* Activity: Find "В каждом курином" in the material, then return exactly the line containing it and all lines after it to the end, leaving out pictures.

* Records:
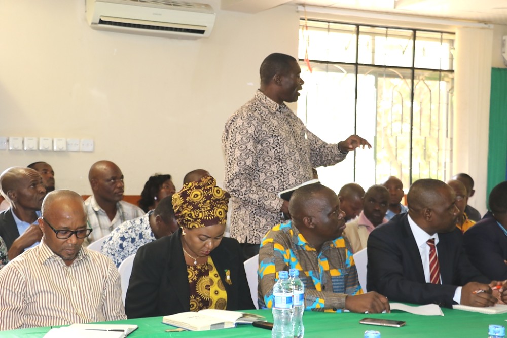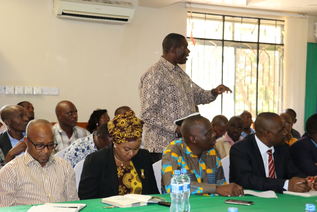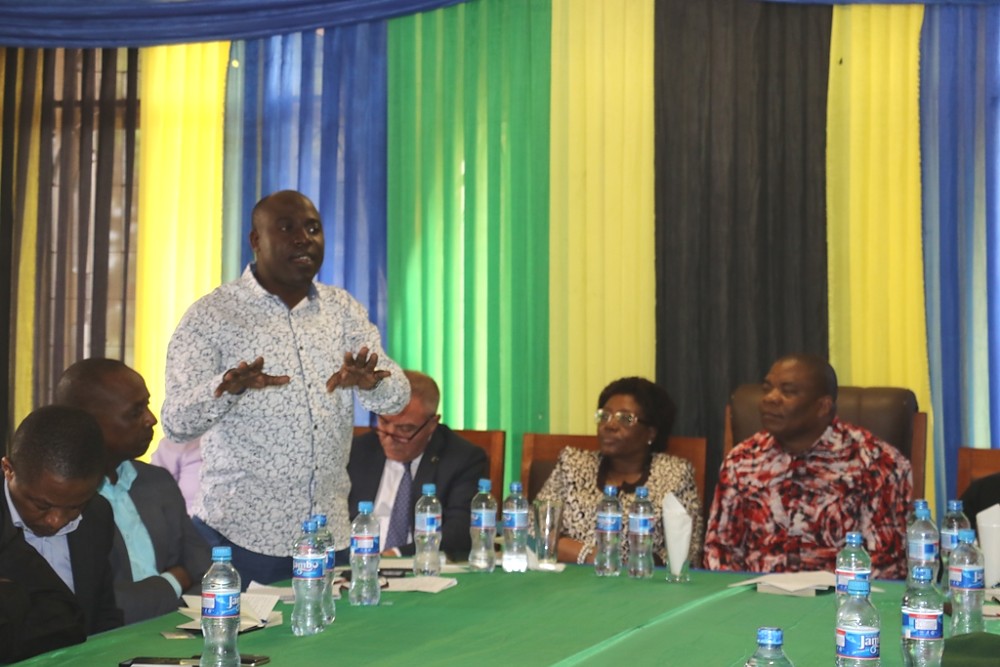 Mkurugenzi wa Kiwanda cha kuchambua Pamba cha Alliance Ginnery, Bw. Boaz Ogola akichangia hoja katika viongozi wa Mkoa wa Simiyu, baadhi ya viongozi wa Taasisi za Serikali, Balozi wa Tanzania nchini Uturuki Mhe. Prof. Elizabeth Kiondo na Rais wa Jumuiya ya Wafanyabiashara na mwakilishi wa Wafanyabiashara kutoka Uturuki, Bw. Cengiz ERTAS, kilichofanyika Novemba 22, 2018 Mjini Bariadi kwa lengo la kujadili uwekezaji katika viwanda vya nguo mkoani humo.
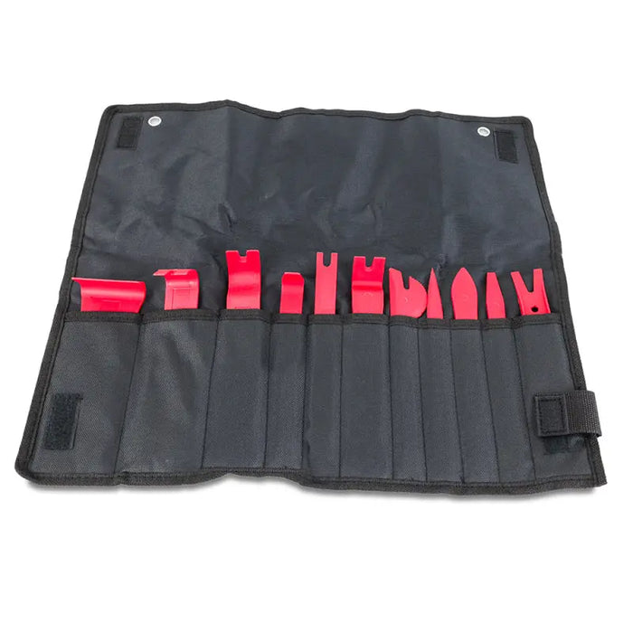 Stop scratching up your trim while using the wrong tools for trim removal. An effective trim-specific tool kit will save you time and prevent damage to your exterior/interior trim panels during removal. Mishimoto’s trim removal tool set includes 11 unique tools to remove any piece of interior/exterior trim on your vehicle. Our tools are constructed from durable impact-resistant nylon, which resists bending and prevents marring of the trim surface. In addition, our kit is encased in a cloth pouch for organization and easy transportation. As with all our products, this kit includes our signature Mishimoto Lifetime Warranty.
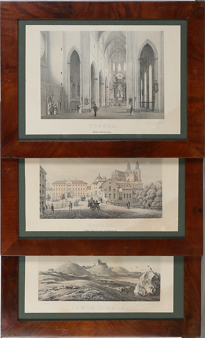 239277. MALERIER, 3 stk, tryk, Uppsala-motiv, 18 / 1900-tallet.
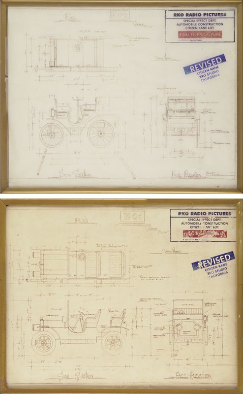 Two original automobile blueprints from the legendary Orson Welles epic "Citizen Kane", each stamped "RKO Radio Pictures Special Effect Dept. Automobile Construction Citizen Kane Lot Final Technical Plan." Both are in their vintage frames, and one includes a letter on the reverse from Harvey Henry, who's aunt was part of the film's production staff. Both frames exhibit wear, the blueprints are in overall Excellent condition. 25 x 20 1/2 inches. Ex-Planet Hollywood Collection.
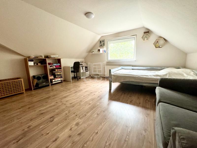 Érd kertvárosi környezetében, Tusculanum városrészben, csendes utcában, kertvárosi környezetben, 2016-ban épült, 2 lakásos ikerház jellegű társasházban, 300 nm-es önálló intim kerttel rendelkező, 1.emeleti, 102 nm-es hasznos lakóterületű, kiváló elosztású, nappali + 2 hálószobás, napos-világos D-K és D-NY-i fekvésű, alacsony fenntartású, kombinált gázcirkó fűtésű, jó állapotú, közvetlen kertkapcsolatos lakás, beépített, gépesített konyhával, telken belüli felszíni gépkocsi beállóval, rendezett kerttel eladó! Az ingatlan tehermentes rugalmasan birtokba vehető! A környék abszolút biztonságos, infrastruktúrája és közlekedése kitűnően ellátott. A közelben: élelmiszerboltok, oktatási intézmények, orvosi rendelő,, sportolási lehetőségek… Buszmegálló 100 méteren belül, mellyel Budaörs, valamint Budapest, Kelenföld vasútállomás kényelmes közlekedéssel rövid időn belül elérhetők. Az M7-es autópálya és az M0-ás körgyűrű 5 perce, a legközelebbi vasútállomás (Érd felső) 2 km-re. Ajánljuk mindazoknak, akik egy kellemes hangulatú, emberléptékű házban szeretnének lakni, távol a város nyüzsgő forgatagától, tiszta levegőre, nyugalomra vágynak, de mégis Budapest vonzáskörzetében maradnának. Érdemes megnézni! További információkert és a megtekintéssel kapcsolatban várom megtisztelő hívását! (hétvégén is) EA
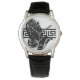 Uhr, Vintage Männeruhr mit schwarzem Lederarmband
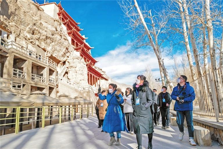 新年伊始,敦煌市舉行了“2022年-2023年冬春旅游優(yōu)惠政策發(fā)布暨敦煌文化研學(xué)季”活動啟動儀式,莫高窟推出門票半價、開放洞窟由8個增至12個并配資深講解員講解,多項優(yōu)惠措施吸引了眾多游客來敦煌觀光游覽。
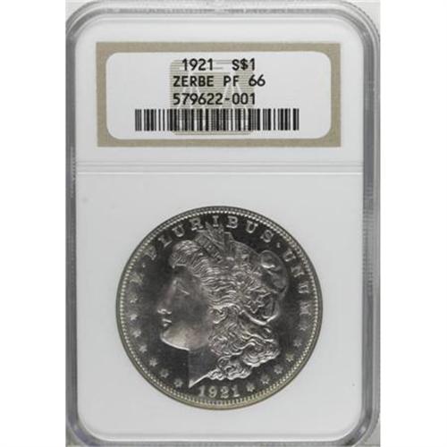 <B>1921 $1 Zerbe PR66 NGC.</B></I> While not of the same quality as the Chapman proofs of 1921, those struck for Farran Zerbe are much more available; some estimate as many as 200 pieces may have been produced. The diagnostic die scratch above the second U in UNUM is faintly visible under magnification, and, as reassuring as a diagnostic like that may be, it is really not necessary to confirm this coin's proof status. The surfaces are bright and highly lustrous. As on all Zerbes, there is a bit of cartwheel intermixed with the reflectivity in the proof fields. Delicate lilac patina embraces both obverse and reverse, but it is so light that at arm's-length the coin actually appears brilliant. A shallow blemish above Liberty's eye and another on the nose can be used to pedigree this specimen in the future. Census: 7 in 66, 1 finer (8/07). <BR><BR><BR><B>Coin Engraver:</B> George T. Morgan<BR><BR><b>Shipping:</b> Coins & Currency (<a target="_blank" href="http://www.heritageauctions.com/common/shipping.php">view shipping information</a>)
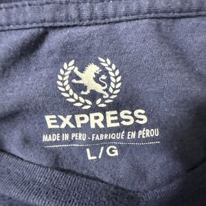 Men's size large navy blue graphic t-shirt from Express, made in Peru. Features a grayscale photo of a woman with teal blue stripes, "5th Ave EXP-111" text, coordinates, and stars. Small double-stripe detail on the sleeve.
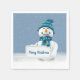 Un mignon bonhomme de neige en flocons de neige tenant un panneau blanc dans la neige. Le texte peut être modifié.
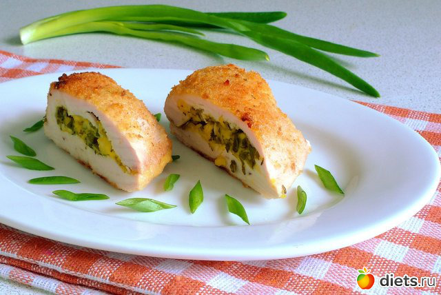 В каждом курином филе сделать глубокий разрез, чтобы образовался кармашек. Филе нафаршировать начинкой.
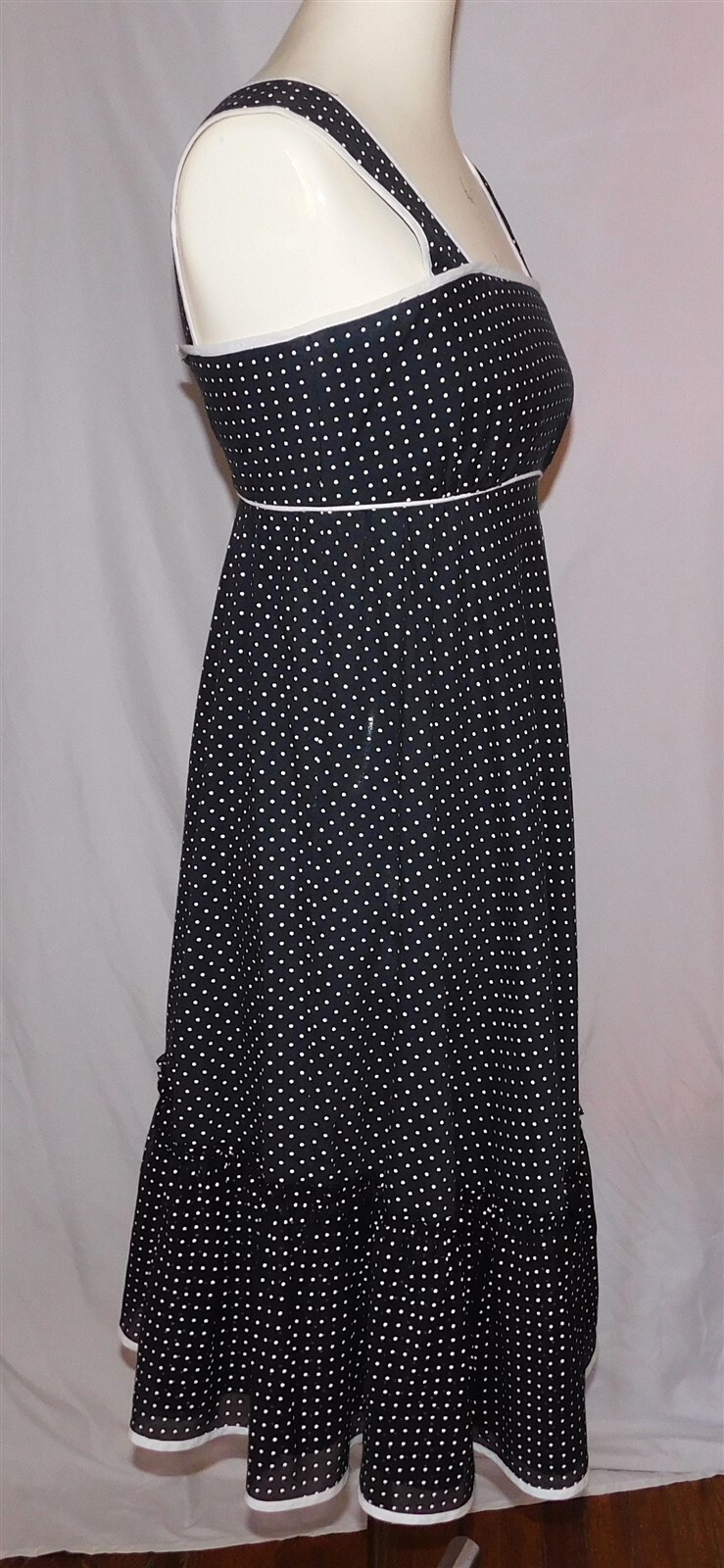 Vtg LESLIE FAY Black White Polka Dot Retro Pinup Party Dress Sundress

* Your response:
 В каждом курином филе сделать глубокий разрез, чтобы образовался кармашек. Филе нафаршировать начинкой.
 Vtg LESLIE FAY Black White Polka Dot Retro Pinup Party Dress Sundress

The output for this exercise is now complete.